** Records supplied follows **

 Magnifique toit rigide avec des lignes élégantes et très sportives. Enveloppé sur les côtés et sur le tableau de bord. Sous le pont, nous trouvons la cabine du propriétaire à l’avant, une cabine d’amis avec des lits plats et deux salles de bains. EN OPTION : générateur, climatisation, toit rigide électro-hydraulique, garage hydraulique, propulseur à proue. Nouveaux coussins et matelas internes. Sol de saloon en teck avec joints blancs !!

** End of Records supplied **
** Records supplied follows **

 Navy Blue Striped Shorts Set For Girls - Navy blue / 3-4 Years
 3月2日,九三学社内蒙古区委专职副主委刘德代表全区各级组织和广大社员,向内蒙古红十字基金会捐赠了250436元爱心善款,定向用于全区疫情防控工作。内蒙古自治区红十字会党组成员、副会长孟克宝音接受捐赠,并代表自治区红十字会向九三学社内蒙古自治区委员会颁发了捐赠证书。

** End of Records supplied **
** Records supplied follows **

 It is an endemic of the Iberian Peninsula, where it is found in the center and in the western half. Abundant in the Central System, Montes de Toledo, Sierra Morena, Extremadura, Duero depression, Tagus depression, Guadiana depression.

** End of Records supplied **

Take the records above and return, word for word, only the lines that fall from the line with "Navy Blue Striped" to the line with "3月2日,九三学社内蒙古区委", both of them included.

Expected output.
 Navy Blue Striped Shorts Set For Girls - Navy blue / 3-4 Years
 3月2日,九三学社内蒙古区委专职副主委刘德代表全区各级组织和广大社员,向内蒙古红十字基金会捐赠了250436元爱心善款,定向用于全区疫情防控工作。内蒙古自治区红十字会党组成员、副会长孟克宝音接受捐赠,并代表自治区红十字会向九三学社内蒙古自治区委员会颁发了捐赠证书。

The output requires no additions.